▶ WHAT IS EXPECTED
Print, exactly as they stand, the lines below from the one that has "Along the way" to the one that has "韩国玫瑰花朵贝壳珍珠项链毛衣链", inclusive, leaving out the pictures.

▶ AVAILABLE DATA
● ● ● ● ● ● ●
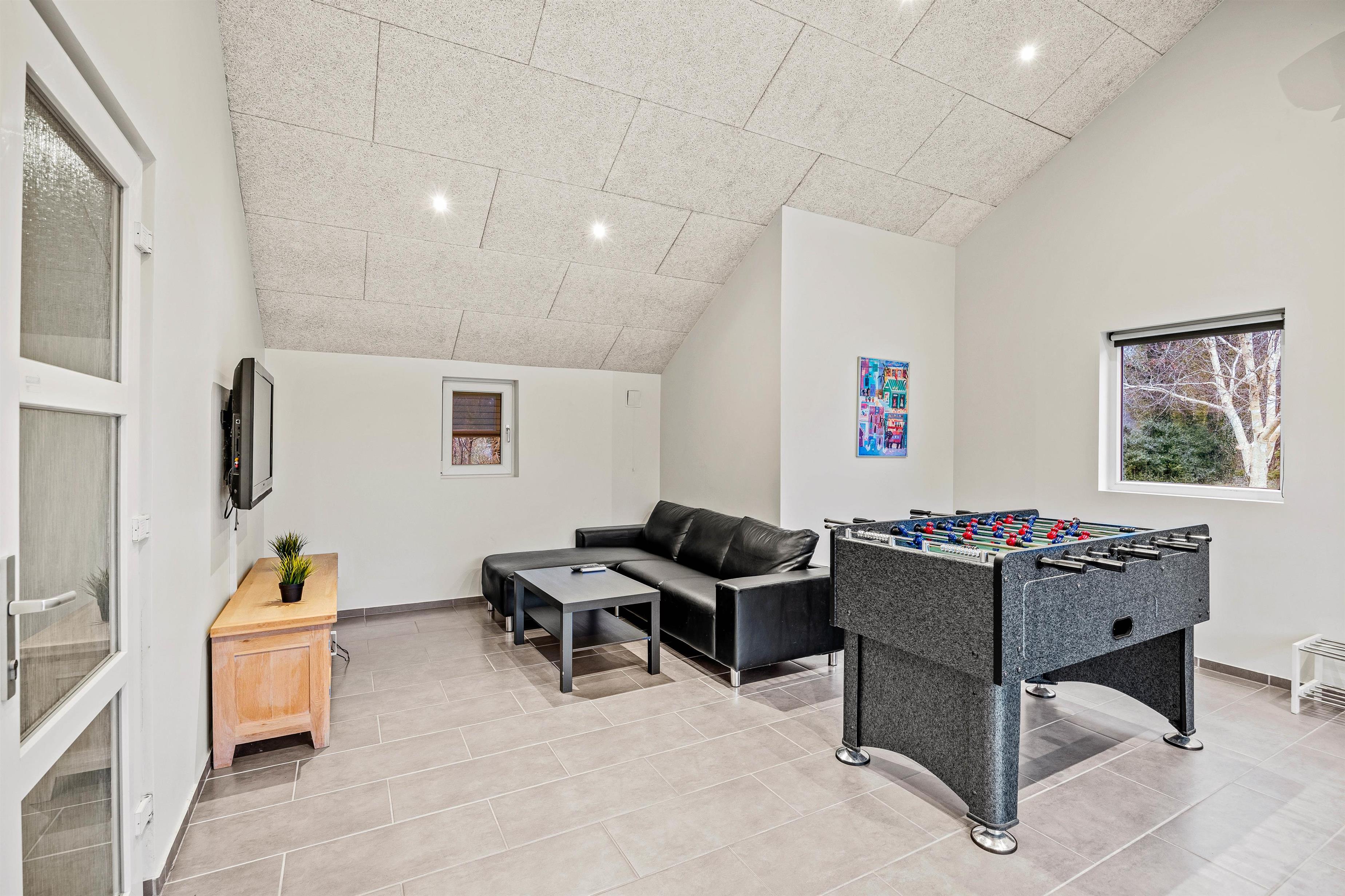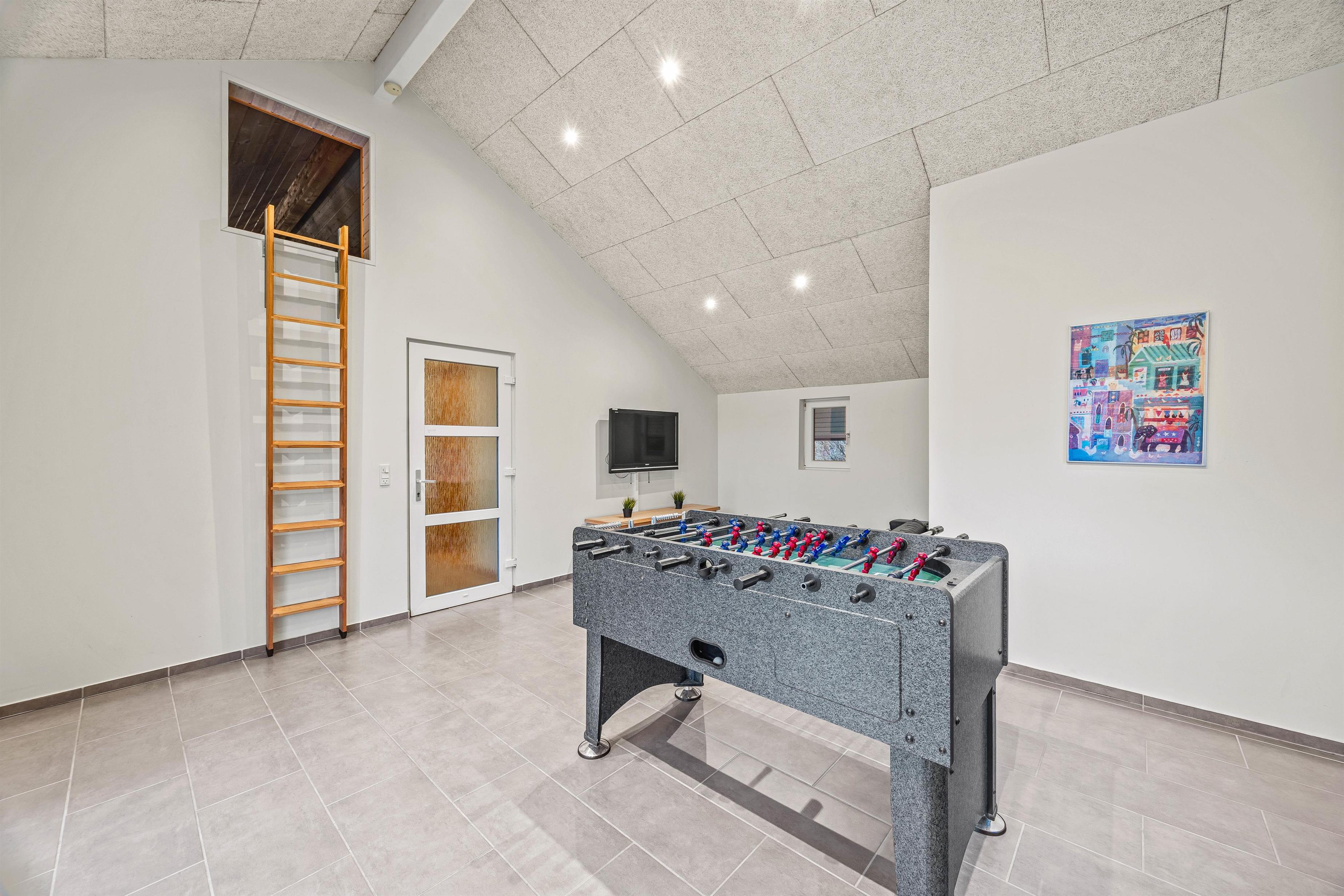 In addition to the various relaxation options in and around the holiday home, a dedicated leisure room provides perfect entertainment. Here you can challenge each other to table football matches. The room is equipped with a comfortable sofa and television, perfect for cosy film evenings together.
● ● ● ● ● ● ●
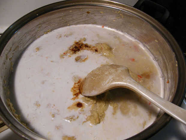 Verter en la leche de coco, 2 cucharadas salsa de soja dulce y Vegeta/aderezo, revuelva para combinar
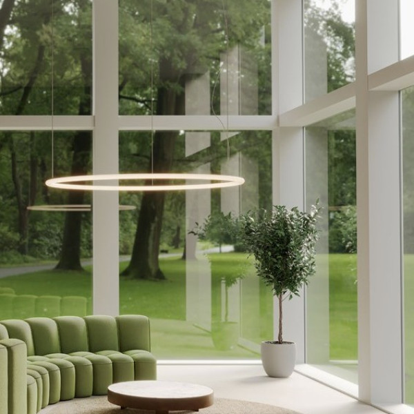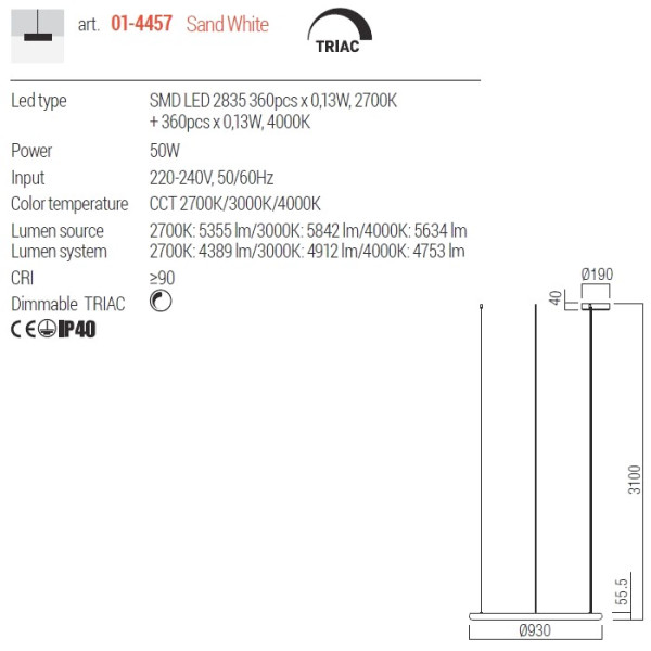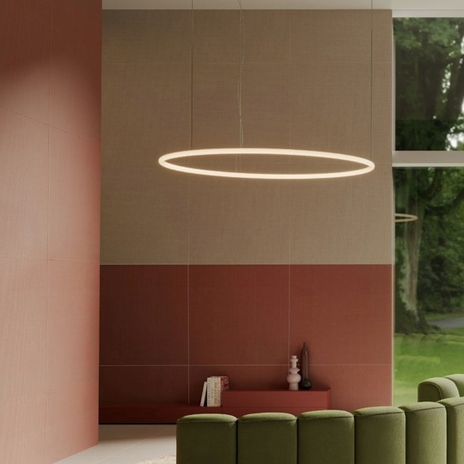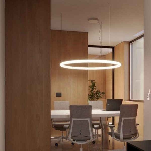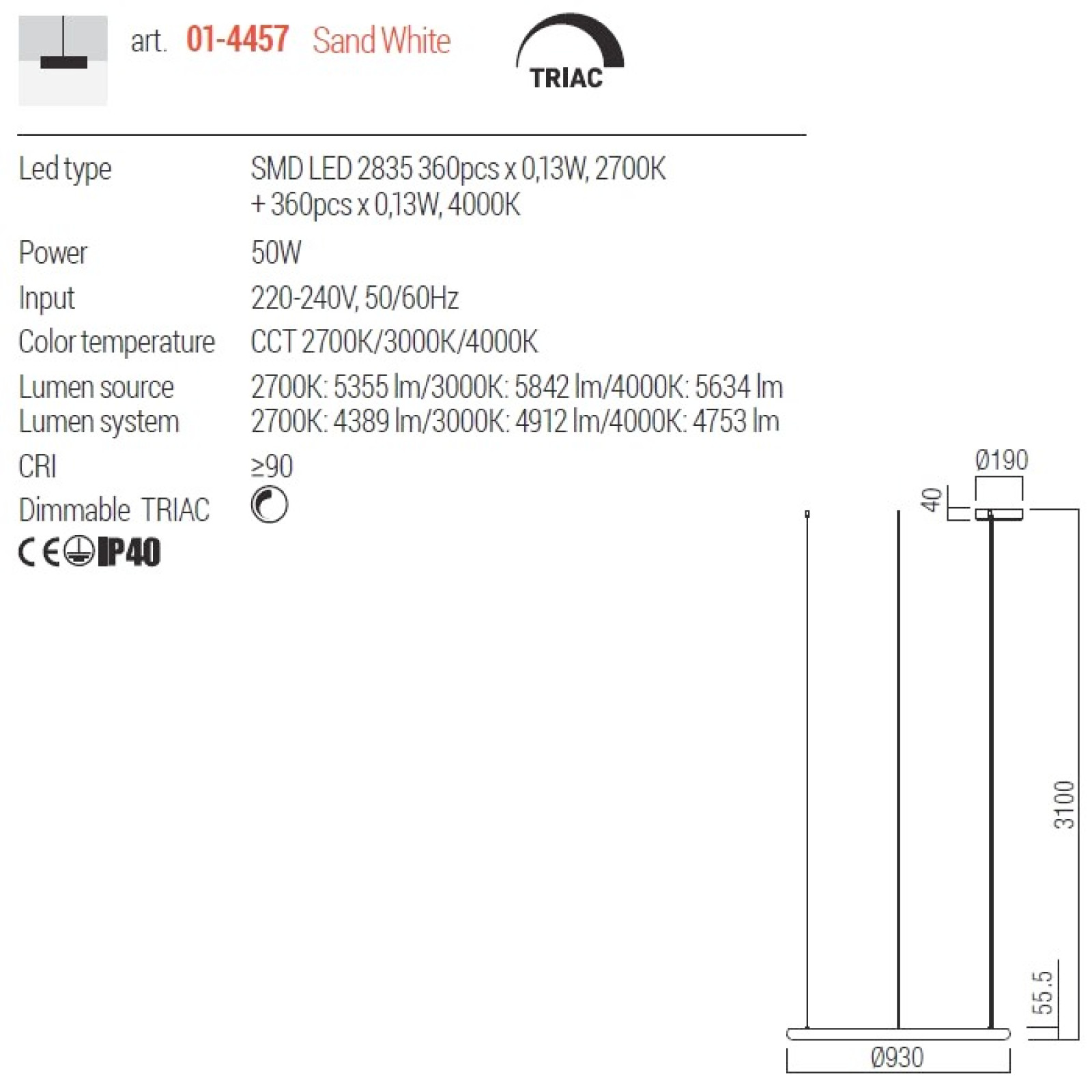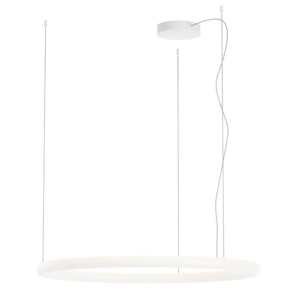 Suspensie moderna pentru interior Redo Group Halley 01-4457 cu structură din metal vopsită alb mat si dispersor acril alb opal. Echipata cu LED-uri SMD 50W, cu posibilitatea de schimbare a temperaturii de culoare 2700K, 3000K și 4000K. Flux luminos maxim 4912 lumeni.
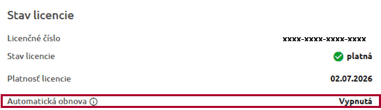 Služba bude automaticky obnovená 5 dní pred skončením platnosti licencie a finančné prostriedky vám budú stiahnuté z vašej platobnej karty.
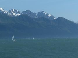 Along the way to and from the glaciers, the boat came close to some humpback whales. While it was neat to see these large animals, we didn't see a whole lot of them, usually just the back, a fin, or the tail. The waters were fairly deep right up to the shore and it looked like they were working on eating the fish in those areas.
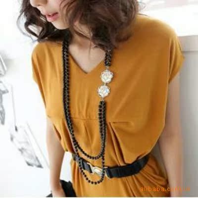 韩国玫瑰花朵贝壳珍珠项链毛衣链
● ● ● ● ● ● ●
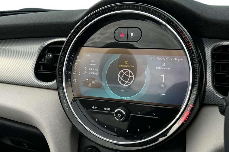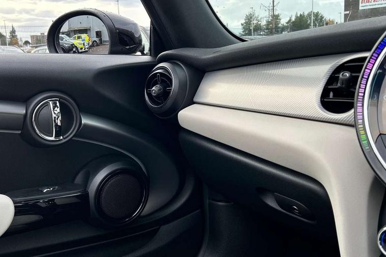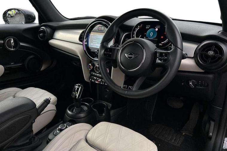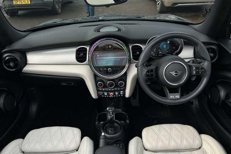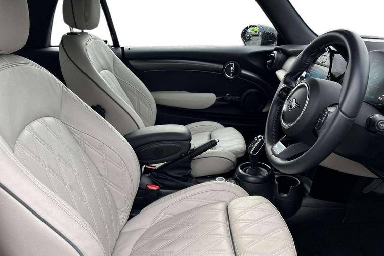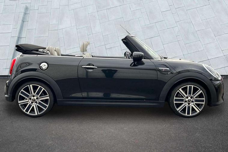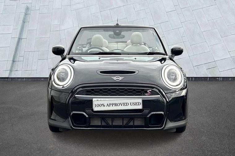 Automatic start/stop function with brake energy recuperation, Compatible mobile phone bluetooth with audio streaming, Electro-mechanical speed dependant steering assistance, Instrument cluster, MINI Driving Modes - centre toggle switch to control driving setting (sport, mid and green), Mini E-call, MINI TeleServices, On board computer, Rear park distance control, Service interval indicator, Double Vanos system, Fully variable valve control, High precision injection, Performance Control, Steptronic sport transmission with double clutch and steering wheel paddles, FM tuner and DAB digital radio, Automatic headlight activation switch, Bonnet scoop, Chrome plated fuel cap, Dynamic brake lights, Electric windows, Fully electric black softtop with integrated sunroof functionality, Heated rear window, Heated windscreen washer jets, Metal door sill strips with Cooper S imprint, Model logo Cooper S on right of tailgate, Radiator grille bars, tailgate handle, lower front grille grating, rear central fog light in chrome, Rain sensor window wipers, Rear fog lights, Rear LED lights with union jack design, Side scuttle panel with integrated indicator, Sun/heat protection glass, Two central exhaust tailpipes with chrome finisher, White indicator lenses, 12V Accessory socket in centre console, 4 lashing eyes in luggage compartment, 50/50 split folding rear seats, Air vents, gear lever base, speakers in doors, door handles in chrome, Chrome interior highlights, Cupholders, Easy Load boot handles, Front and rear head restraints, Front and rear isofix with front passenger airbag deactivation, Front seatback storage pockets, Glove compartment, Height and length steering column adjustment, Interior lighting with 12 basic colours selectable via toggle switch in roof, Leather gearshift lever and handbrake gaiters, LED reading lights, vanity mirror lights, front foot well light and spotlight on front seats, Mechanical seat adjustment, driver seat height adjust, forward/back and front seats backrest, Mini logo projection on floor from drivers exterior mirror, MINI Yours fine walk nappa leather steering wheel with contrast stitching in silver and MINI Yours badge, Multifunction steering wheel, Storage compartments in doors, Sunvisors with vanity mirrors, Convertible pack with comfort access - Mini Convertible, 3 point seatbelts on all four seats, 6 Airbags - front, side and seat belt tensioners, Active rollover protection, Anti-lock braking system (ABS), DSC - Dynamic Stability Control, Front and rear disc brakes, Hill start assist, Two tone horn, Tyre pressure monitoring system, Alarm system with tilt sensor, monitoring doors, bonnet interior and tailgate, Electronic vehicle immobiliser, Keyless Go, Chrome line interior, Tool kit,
● ● ● ● ● ● ●
▶ OUTPUT FOR THIS TASK
 Along the way to and from the glaciers, the boat came close to some humpback whales. While it was neat to see these large animals, we didn't see a whole lot of them, usually just the back, a fin, or the tail. The waters were fairly deep right up to the shore and it looked like they were working on eating the fish in those areas.
 韩国玫瑰花朵贝壳珍珠项链毛衣链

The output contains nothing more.